В мексиканском городе плоские крыши домов называются «azotea». Невысокие, фута в три, перила служат для отделения крыши одного дома от крыши другого и для ограждения крыши по краю. На асотее проводят большую часть дня, это место отдыха и приема гостей. Такая особенность архитектуры восточного происхождения еще существует на побережье Средиземного моря. Не любопытно ли, что встречается она и у мексиканцев, где дома тоже имеют плоские крыши вместо террас? Такие же кровли можно видеть в Нью-Мехико и других городах. Сухой и теплый климат — главное условие для устройства подобного рода крыш. Нет на свете страны, где жизнь на открытом воздухе была бы более привлекательна, чем в Мексике. К тому же, на этих крышах не чувствуется ни малейшего дыма, так как труб практически не существует. Здесь они совершенно излишни. Немного дров, сожженных в золе, — вот и все отопление, да и то лишь в исключительных случаях. В кухнях употребляют древесный уголь, поэтому воздух остается вполне чист. Асотея, которую хорошо содержат, бывает украшена цветами, красивыми растениями, небольшими деревцами, апельсиновыми камелиями и пальмами, иногда над перилами возвышается бельведер, с которого еще удобнее любоваться красивыми видами. А где же найти пейзажи красивее, чем те, которые окружают Мехико? В какую сторону ни повернись, всюду взору открывается дивная картина. То долины самых различных зеленых оттенков — от светло-желтого маиса до темно-зеленого табака, то целые поля перечника и бобов, широкие полосы воды, отливающие на солнце серебром, и все это обрамляется цепью гор с вечным снегом на гигантских вершинах. Словом, с какой бы крыши дома ни окинуть взором даль, все чарует глаз и веселит душу.

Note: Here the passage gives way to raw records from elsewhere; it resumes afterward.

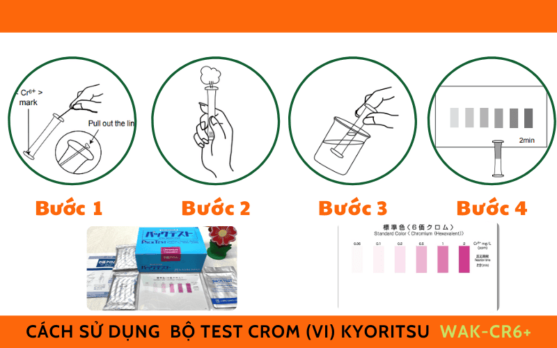 Bộ kit test Crom WAK-Cr⁶+ của Kyoritsu giúpTest nhanh crom (VI) trong nước thải cũng như nước sản xuất xi mạ với dải đo 0 2.0 ppm. Bộ test cho kết quả nhanh chóng, thực hiện đơn giản, không cần thiết bị và dụng cụ kèm theo rất thích hợp cho kiểm ra ngoài hiện trường với chi phí thấp.
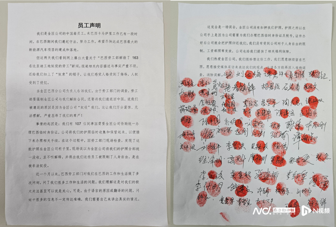 据悉,金匠集团巴西分公司还附有一份手写签名及手印的员工声明。
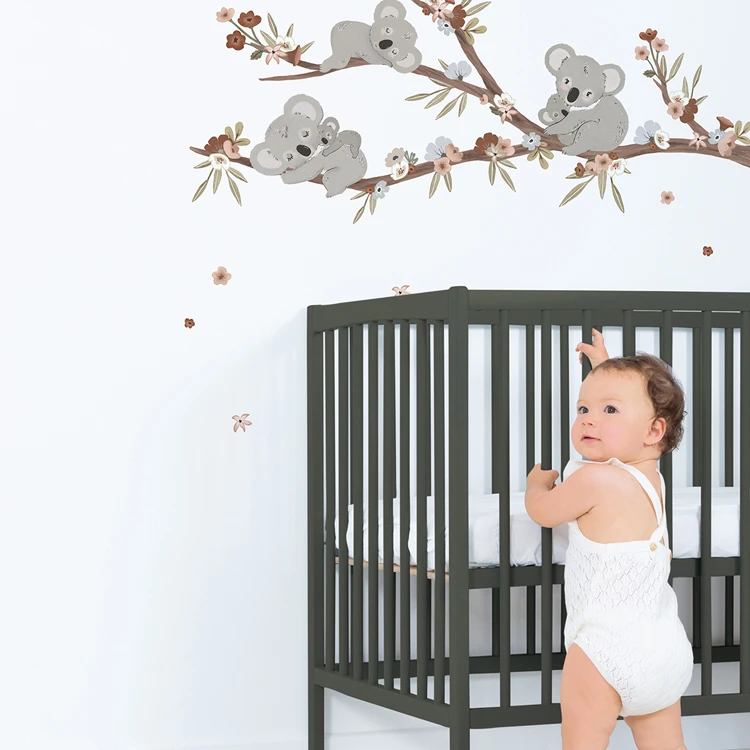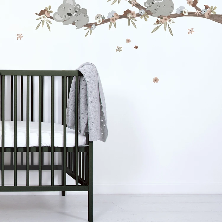 Sticker Mural Koalas Sur Branche Avec Fleurs (118 X 54 Cm)
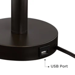 With a thin profile and clean design, this set of table lamps is sure to add both style and function to your decor. From the Franklin Iron Works brand of lighting, each lamp features a rich bronze lamp base finish and drum shades in a textured tan fabric. The look is ideal for rustic farmhouse and modern industrial room decor. Best of all, each lamp has a built in USB port in the base, allowing you to charge phones and other devices and keep them close at hand. Twin pull chains on the lamps give you easy lighting control, so you operate two bulbs independently or together. Add both to the same room to create a designer look.
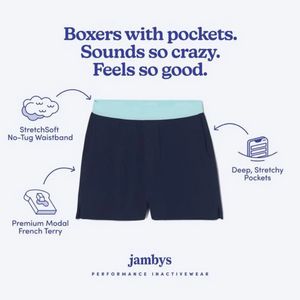 This creative wins by combining curiosity and convenience in a MOF consideration frame. The headline makes a familiar product feel novel (“boxers with pockets”), earning a second look, then immediately converts that attention into concrete reasons to believe via three labeled callouts. For solution-aware audiences, specificity matters more than hype: “no‑tug waistband,” “premium modal French terry,” and “deep, stretchy pockets” answer the usual objections (comfort, quality, usefulness) without needing long copy. The centered product shot keeps cognitive load low, while arrows and icons guide the eye in a clear hierarchy—an ad best practice for mobile scanning. The clean palette and generous whitespace signal premium positioning, helping justify a higher price point and making the brand feel trustworthy during comparison shopping.
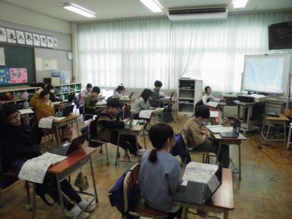 3年生の3時間目は、社会科の学習でした。教科書のイラストを参考に、昔と今の暮らしの違いを見付け、意見交換したりスプレッドシートにまとめたりしていました。

Но на асотее одного дома сидела молодая девушка, которая, по-видимому, не обращала внимания на окружающую красоту. Вся ее фигура выражала тоску, и тоску эту не могла рассеять самая удивительная природа. Это была Луиза Вальверде. Она вспоминала другую, не менее прекрасную страну, где провела несколько лет изгнания. Последний год был для нее самым приятным и счастливым: она узнала любовь! Предметом ее любви был Флоранс Керней. Где-то он теперь? Она не знала о нем ничего. Не знала даже, жив ли он. Он исчез, не объяснив причины своего внезапного отъезда. Ей было известно только, что он был избран капитаном отряда волонтеров, который, как ей потом сообщили, отправился в Техас. Затем до нее дошли слухи о геройской борьбе партизан и о понесенных ими потерях. Она знала также, что оставшихся в живых взяли в плен и отвели в Мексику, обращаясь с ними самым жестоким образом, знала и о той отваге, с которой они пытались освободиться, и о вторичном их пленении.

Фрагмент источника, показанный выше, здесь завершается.